“Space Weather – hazard to the Earth?”, a new 41 page study from Swiss Re, examines the effects of solar activity and related interstellar phenomenon on earth’s weather, and on high tech installations, and reaches some alarming conclusions.
“Space weather,” says the report,” is largely determined by atomic particles emitted from the Sun and the stars. The effects of this phenomenon are many and varied: they include electronic failures, immediate and long-term hazards to astronauts and aircraft crews, changed electrostatic charges in satellites, interruptions in telecommunications and navigational systems, and power transmission failures and disruption of rail traffic.”

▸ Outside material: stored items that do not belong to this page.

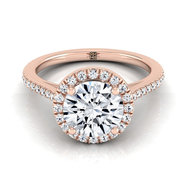 14K Rose Gold Round Brilliant Classic French Pave Halo and Linear Engagement Ring -1/4ctw
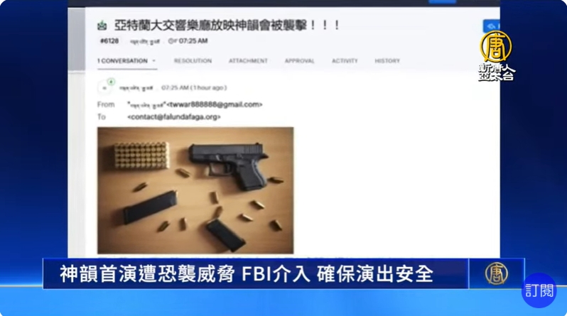 當地神韻主辦方負責人 孫大坤:「郵件的內容是用中文,就是說神韻如果要在這個音樂廳發生的話,就將會槍殺所有的人。上面有個圖片,就是子彈和槍。」
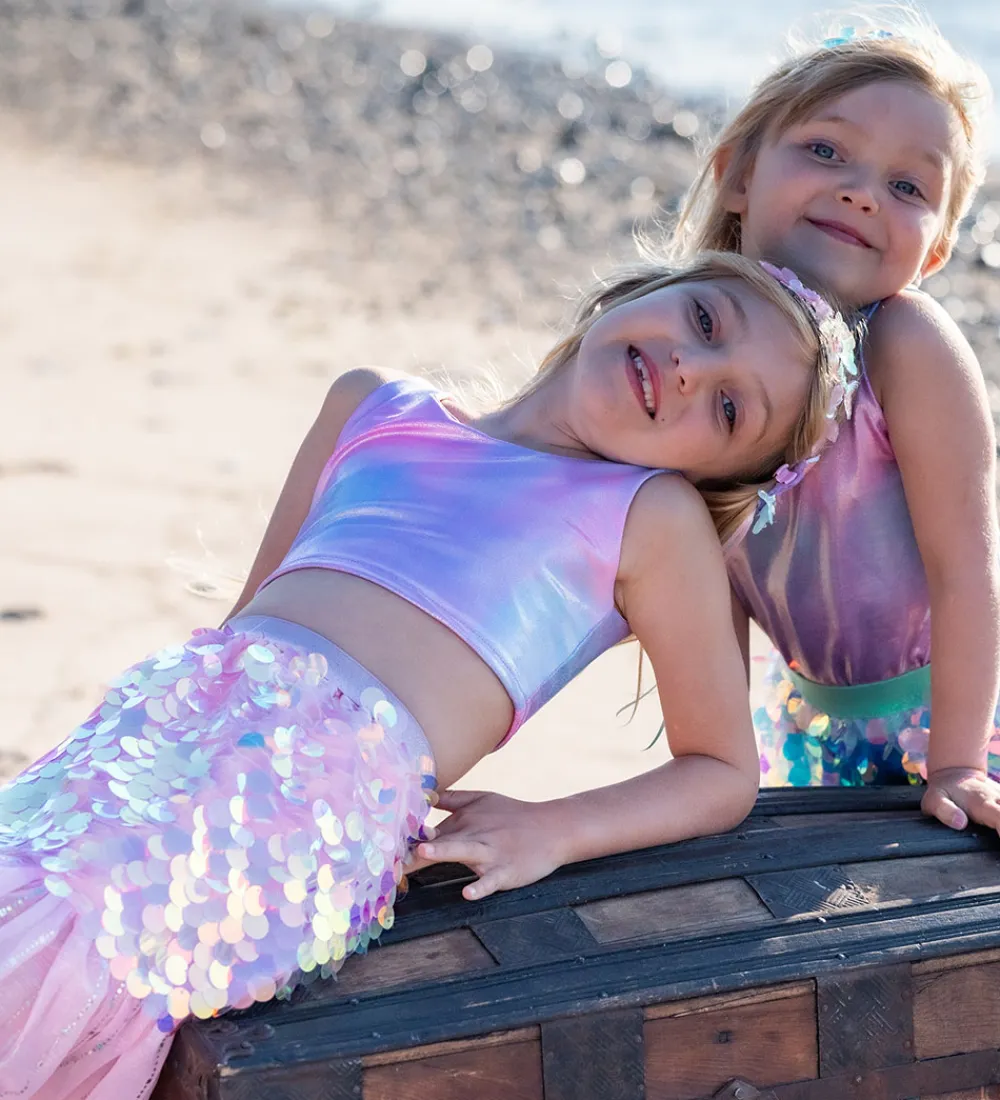 Farverig Great Pretenders udklædning bestående af en glitrende nederdel med flotte palietter i nuancer af lilla og en let pink underdel af tyl. Sættet inkluderer en matchende hår clips, der fuldender looket.
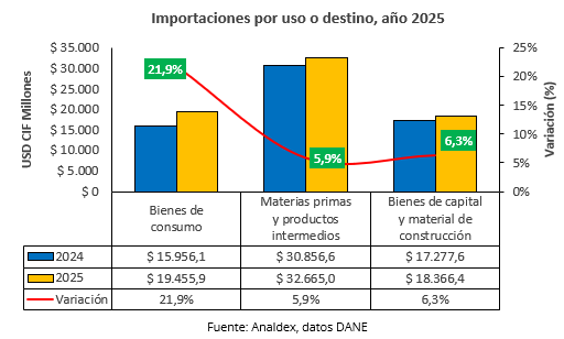 Analizando las importaciones por uso o destino económico, en el año 2025, las compras de materias primas y productos intermedios alcanzaron la cifra de USD CIF $32.665,0 millones, reportando un aumento de 5,9% respecto al año 2024. De este grupo los productos que contribuyeron en la mayor variación positiva fueron la compra de Productos alimenticios (15,7%), productos químicos y farmacéuticos (5,2%), Productos agropecuarios no alimenticios (16,8%) y productos mineros (7%).
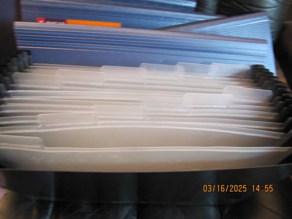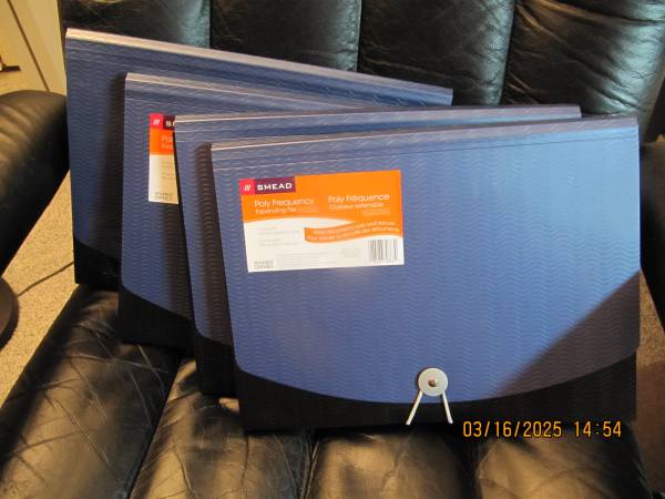 Expanding, 12 pocket, waterproof files with tabs $8.00 each or all 4 for $25.00. $10.50 each at Walmart and Office Supply.
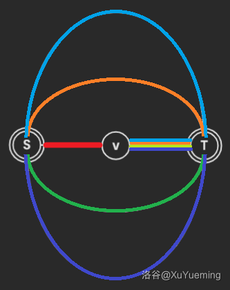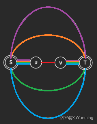 从而,我们证明了,只有 case 1、case 2、case 3、case 4 这几种点双的形态是合法的,进一步全部都可以归纳到 case 4 中:存在两个点 ,他们之间连了若干条简单链。 条链分别退化到 case 1、case 2、case 3。
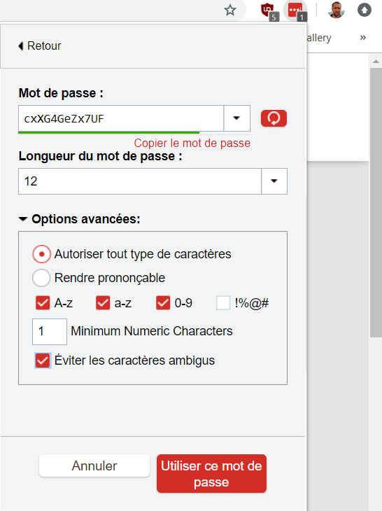 Afin de vous faciliter la tâche lorsque vous effectuez une inscription sur un nouveau site, LastPass peut générer un mot de passe à votre place, selon différents critères. Ce mot de passe, si vous l'utilisez, sera ensuite stockez dans votre coffre-fort pour le site en question ce qui est très pratique.
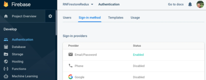 Now, in order to make it work, we need to open firebase console > Authentication > Sign-in Method and enable E-mail/Password, as shown below:
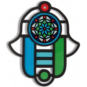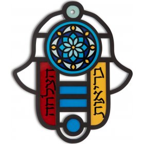 Modern Wall Hamsa in Stained Glass Art Style, Blessings in Hebrew - Dorit Judaica$51.48 -

Solar activity goes in 11 year cycles, and the peak of the current cycle is predicted to occur later this year. As the report says, “The number of vulnerable systems has increased and networks have expanded greatly since the last maximum eleven years ago, which in turn has augmented the risk for both policyholders and the insurance industry.
It also directly addresses the role of insurers, saying, “The possible consequences of space weather puts a new complexion on the risks threatening our technical world. While people and technological systems have always been exposed to terrestrial natural hazards, bringing space weather into the picture opens up whole new dimensions which may ultimately affect the insurance industry through personal injury, property and financial losses.”
Swiss Re also foresees a greater responsibility for insureds with the evolution of better analytical techniques for space weather. ” Should events now be considered foreseeable because of, the constant improvements which are being made in space weather forecasting?” asks the report.
It concludes that, “This much is certain: loss mitigation measures are rapidly gaining in importance, and the insurance industry should pay increased attention to the duties of the insured in this area.”